The Pros and Cons of Buying the New $31K Tesla Model 3

Order now or wait for the even cheaper base model?

October 19, 2018 9:00 am

Last night, Elon Musk took to Twitter to announce the release of a new “lower cost, mid-range Tesla Model 3.” Thankfully, unlike his Teslaquila and plots to colonize Mars, it’s available to order right now.

According to Musk, the car could cost as little as $31K.

We know what you’re thinking: “Wait, so I can get a Tesla for less than an Audi A3?” Well, in classic Tesla fashion, it’s a little more complicated than that.

The Pros

    • The price: The $31K price tag Musk alludes to on Twitter is a general estimation for the price after both federal and state tax credits for electric vehicles, as well as gas savings. The base price is actually $45K, which is still significantly lower than the current $54K and $64K options.
    • The safety rating: While the National Highway Traffic Safety Administration hasn’t gotten its mitts on this exact vehicle yet, the Model 3 did recently receive a 5-star crash safety rating — the same as every Tesla model so far.
    • It’s actually available: People have been champing at the bit for a promised $35K base Tesla Model 3, which would go for even less with potential tax credits and savings. This is not that car, but it’s as close as we’re going to get for the foreseeable future.
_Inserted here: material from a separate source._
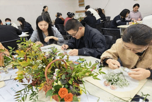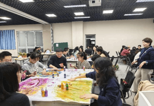 活动从轻松的破冰游戏开始,迅速拉近了彼此距离;随后通过关键词自我介绍和分组绘画疗愈,大家不仅在协同创作中锻炼了沟通与协作,更在色彩与线条间畅快表达自我。而本次活动的亮点则是“利用自然材料作画”环节。辅导员们以落叶与鲜花为笔,将大自然的美感与个人情感巧妙融合,在创作中感悟生命脉络,于拼贴间抒发内心世界。完成作品后,大家围坐分享创作灵感与心灵触动,现场氛围温馨而深入。参与活动的辅导员们纷纷表示,整个活动过程轻松愉悦,让人感到“特别放松”。从集体互动到艺术表达,尤其是与自然材料对话的过程,让他们“感受到了他人给予的能量”与大自然的疗愈力量,有效缓解了日常工作压力,提升了情绪管理能力。

Tesla has promised the base Model 3 in 2019, but if you can take advantage of enough tax credits to get this mid-range model in the $35K range, you’ll stave off the disappointment when the base model release date gets pushed back.

The Cons

    • The tax credit: Including federal and state tax credits, the price for this mid-range model could actually be as low as $28,200 (if you live in Colorado). The federal piece of that puzzle is $7,500, but that tax credit lowers to $3,750 at the end of the year. So with deliveries estimated between 6-10 weeks and a little over 10 weeks until 2019, you’d have to order one right now to get the discount. However, Business Insider writes that a Tesla representative said deliveries won’t begin for four months. Wamp wamp.
    • The cuts: This is a rear-wheel drive car with a mid-range battery. Of course, with the price drop, something had to go. Here, the battery pack is the same as the long-range option (available in the two other all-wheel drive Model 3s), but fewer cells means the range goes down from 310 miles to 260, according to Jalopnik.

The thing is: it’s still the Model 3. As long as you have no reservations about rear-wheel drive — which is more complicated than Musk’s assertion that they “do actually work well on snow & ice” — now’s as good of a time as any to become “the Tesla guy” in your neighborhood.